> Exercise goal: Any pictures in the records below must be left out when you repeat the lines from the line containing "Il fotografo romano" through the line containing "Colourful Christmas wrapping" exactly.

Entries taken from a collection:
************

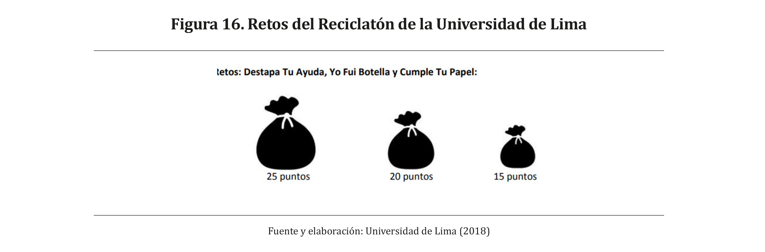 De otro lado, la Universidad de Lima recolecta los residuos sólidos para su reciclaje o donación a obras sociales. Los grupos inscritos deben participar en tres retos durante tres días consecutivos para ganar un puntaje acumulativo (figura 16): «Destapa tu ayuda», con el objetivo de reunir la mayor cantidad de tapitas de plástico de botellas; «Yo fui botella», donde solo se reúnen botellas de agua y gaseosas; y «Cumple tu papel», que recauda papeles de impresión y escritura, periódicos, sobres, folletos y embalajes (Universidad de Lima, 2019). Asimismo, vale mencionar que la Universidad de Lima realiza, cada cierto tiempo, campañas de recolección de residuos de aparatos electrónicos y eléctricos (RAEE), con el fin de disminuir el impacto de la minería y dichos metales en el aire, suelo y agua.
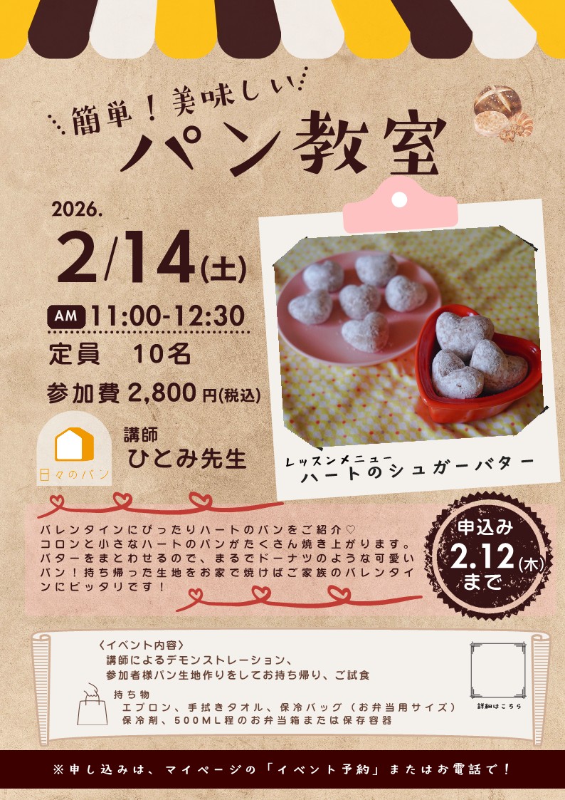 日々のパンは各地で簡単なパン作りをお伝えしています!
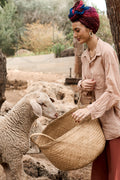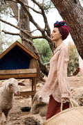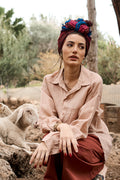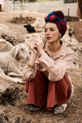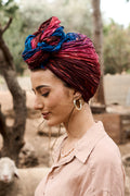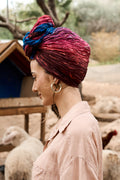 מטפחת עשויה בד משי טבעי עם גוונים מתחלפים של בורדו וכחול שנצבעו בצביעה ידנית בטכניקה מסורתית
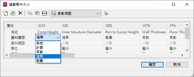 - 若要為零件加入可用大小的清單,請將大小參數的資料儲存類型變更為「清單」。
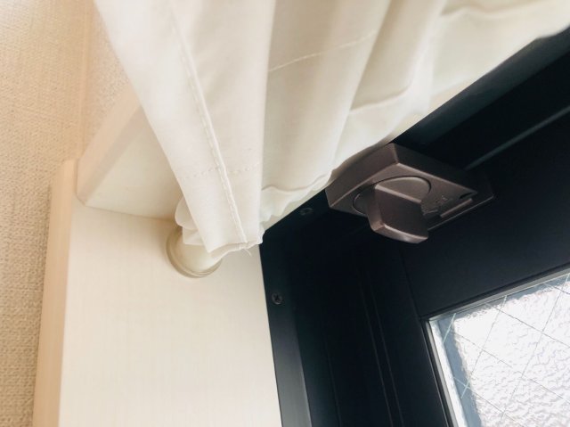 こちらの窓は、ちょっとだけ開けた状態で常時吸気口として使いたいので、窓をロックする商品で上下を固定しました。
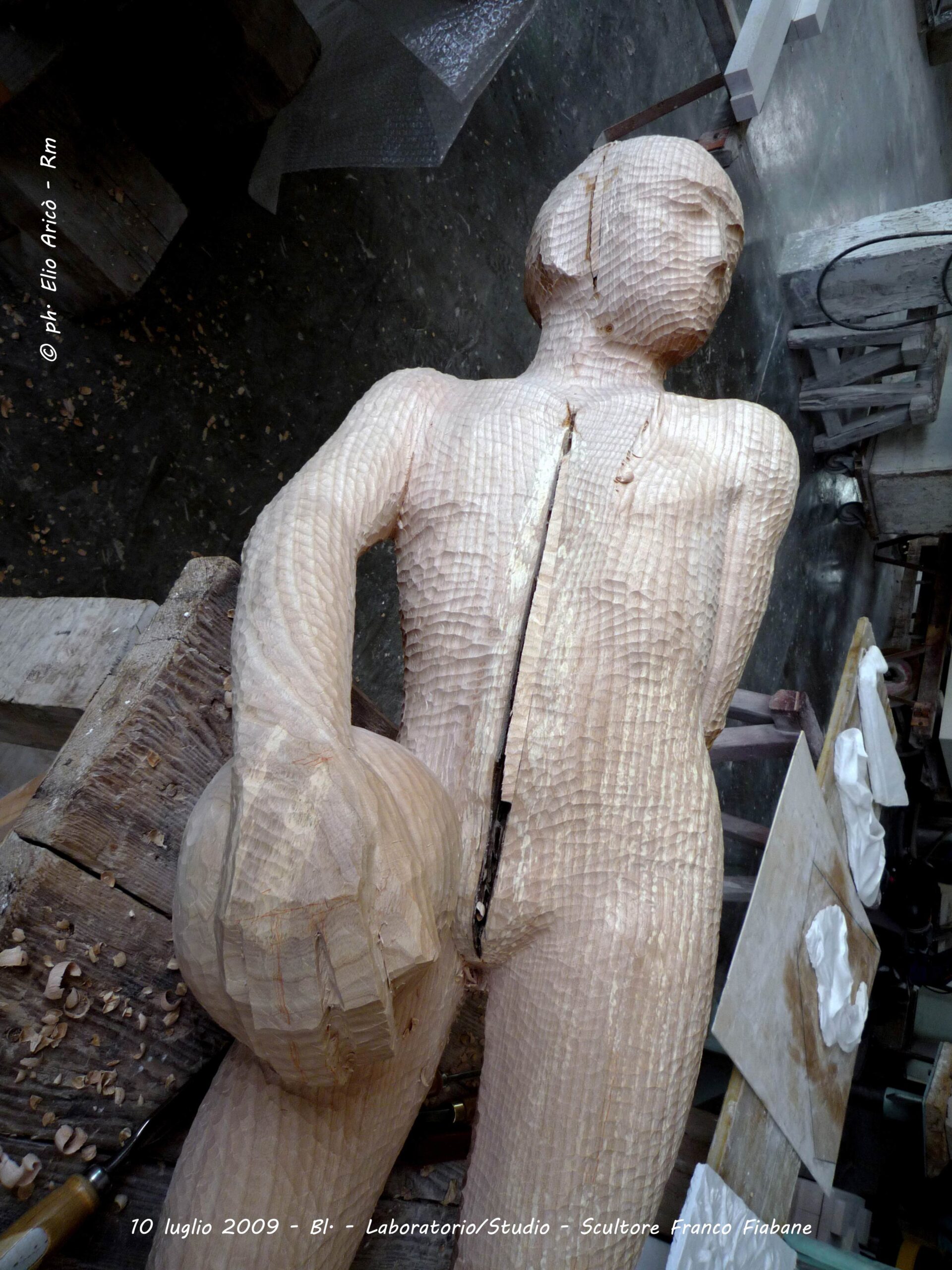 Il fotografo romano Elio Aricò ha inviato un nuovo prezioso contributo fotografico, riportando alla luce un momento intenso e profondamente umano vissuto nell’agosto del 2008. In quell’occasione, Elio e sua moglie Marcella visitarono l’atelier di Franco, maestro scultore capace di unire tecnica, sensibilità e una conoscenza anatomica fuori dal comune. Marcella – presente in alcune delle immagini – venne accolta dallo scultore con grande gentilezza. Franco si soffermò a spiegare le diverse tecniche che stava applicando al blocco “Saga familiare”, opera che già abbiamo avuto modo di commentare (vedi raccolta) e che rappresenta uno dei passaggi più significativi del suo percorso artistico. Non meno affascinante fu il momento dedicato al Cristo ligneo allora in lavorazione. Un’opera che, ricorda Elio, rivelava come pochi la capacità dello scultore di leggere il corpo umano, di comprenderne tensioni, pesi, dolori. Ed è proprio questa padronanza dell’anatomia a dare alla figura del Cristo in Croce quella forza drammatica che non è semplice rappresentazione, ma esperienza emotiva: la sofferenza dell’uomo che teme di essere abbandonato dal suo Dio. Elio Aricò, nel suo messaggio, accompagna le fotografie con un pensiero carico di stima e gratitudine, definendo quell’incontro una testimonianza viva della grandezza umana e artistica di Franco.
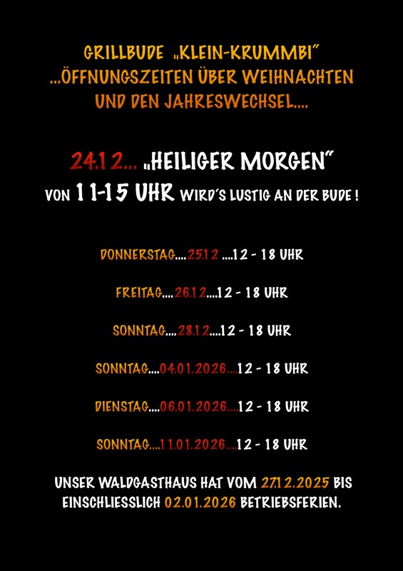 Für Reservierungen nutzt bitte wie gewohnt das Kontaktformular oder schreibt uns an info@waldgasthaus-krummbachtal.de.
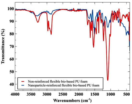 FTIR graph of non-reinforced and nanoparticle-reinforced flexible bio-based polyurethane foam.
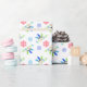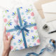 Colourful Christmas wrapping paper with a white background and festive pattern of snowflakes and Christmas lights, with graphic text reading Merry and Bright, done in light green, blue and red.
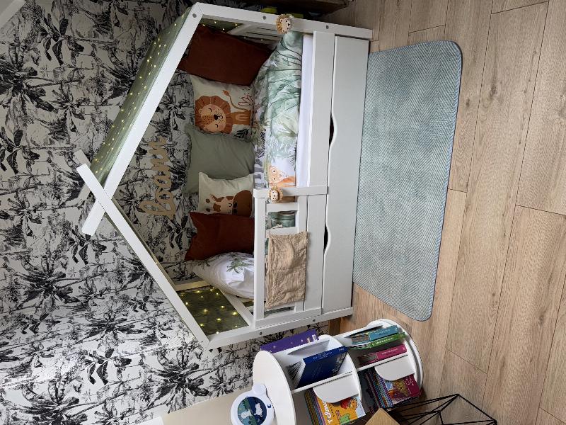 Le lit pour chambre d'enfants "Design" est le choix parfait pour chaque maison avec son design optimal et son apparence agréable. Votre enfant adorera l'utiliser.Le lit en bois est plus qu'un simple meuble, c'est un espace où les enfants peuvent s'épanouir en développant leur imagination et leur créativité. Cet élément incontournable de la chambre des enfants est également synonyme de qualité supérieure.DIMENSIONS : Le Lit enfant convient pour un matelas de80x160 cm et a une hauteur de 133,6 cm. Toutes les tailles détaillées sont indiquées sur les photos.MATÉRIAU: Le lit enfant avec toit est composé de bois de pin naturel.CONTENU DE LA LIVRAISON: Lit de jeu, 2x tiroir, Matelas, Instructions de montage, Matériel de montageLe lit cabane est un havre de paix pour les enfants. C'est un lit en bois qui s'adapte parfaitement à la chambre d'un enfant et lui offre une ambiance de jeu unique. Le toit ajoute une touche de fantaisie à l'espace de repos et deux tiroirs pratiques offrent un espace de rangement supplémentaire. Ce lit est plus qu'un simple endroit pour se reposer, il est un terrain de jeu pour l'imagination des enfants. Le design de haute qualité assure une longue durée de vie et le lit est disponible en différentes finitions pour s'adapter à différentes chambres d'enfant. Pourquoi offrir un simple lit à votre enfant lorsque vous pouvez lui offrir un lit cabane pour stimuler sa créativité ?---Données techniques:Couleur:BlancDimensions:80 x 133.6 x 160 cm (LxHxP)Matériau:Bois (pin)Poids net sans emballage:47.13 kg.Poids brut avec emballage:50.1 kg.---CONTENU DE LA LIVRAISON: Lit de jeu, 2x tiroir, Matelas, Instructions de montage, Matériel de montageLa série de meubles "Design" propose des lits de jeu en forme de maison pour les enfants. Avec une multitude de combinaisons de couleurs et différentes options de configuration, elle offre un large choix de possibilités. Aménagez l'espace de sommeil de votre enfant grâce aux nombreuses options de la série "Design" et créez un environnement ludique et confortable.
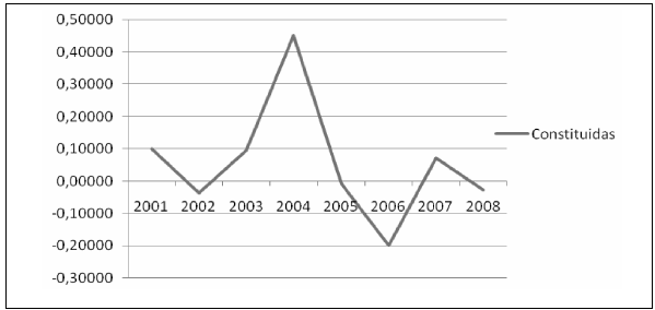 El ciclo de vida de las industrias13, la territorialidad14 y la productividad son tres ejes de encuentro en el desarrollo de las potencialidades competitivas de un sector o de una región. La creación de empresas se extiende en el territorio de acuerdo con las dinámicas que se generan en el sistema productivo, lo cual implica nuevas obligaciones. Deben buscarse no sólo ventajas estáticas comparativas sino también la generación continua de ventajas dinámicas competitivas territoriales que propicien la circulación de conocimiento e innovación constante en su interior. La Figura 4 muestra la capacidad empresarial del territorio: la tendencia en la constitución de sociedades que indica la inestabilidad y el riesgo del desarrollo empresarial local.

************

> Answer area:
 Il fotografo romano Elio Aricò ha inviato un nuovo prezioso contributo fotografico, riportando alla luce un momento intenso e profondamente umano vissuto nell’agosto del 2008. In quell’occasione, Elio e sua moglie Marcella visitarono l’atelier di Franco, maestro scultore capace di unire tecnica, sensibilità e una conoscenza anatomica fuori dal comune. Marcella – presente in alcune delle immagini – venne accolta dallo scultore con grande gentilezza. Franco si soffermò a spiegare le diverse tecniche che stava applicando al blocco “Saga familiare”, opera che già abbiamo avuto modo di commentare (vedi raccolta) e che rappresenta uno dei passaggi più significativi del suo percorso artistico. Non meno affascinante fu il momento dedicato al Cristo ligneo allora in lavorazione. Un’opera che, ricorda Elio, rivelava come pochi la capacità dello scultore di leggere il corpo umano, di comprenderne tensioni, pesi, dolori. Ed è proprio questa padronanza dell’anatomia a dare alla figura del Cristo in Croce quella forza drammatica che non è semplice rappresentazione, ma esperienza emotiva: la sofferenza dell’uomo che teme di essere abbandonato dal suo Dio. Elio Aricò, nel suo messaggio, accompagna le fotografie con un pensiero carico di stima e gratitudine, definendo quell’incontro una testimonianza viva della grandezza umana e artistica di Franco.
 Für Reservierungen nutzt bitte wie gewohnt das Kontaktformular oder schreibt uns an info@waldgasthaus-krummbachtal.de.
 FTIR graph of non-reinforced and nanoparticle-reinforced flexible bio-based polyurethane foam.
 Colourful Christmas wrapping paper with a white background and festive pattern of snowflakes and Christmas lights, with graphic text reading Merry and Bright, done in light green, blue and red.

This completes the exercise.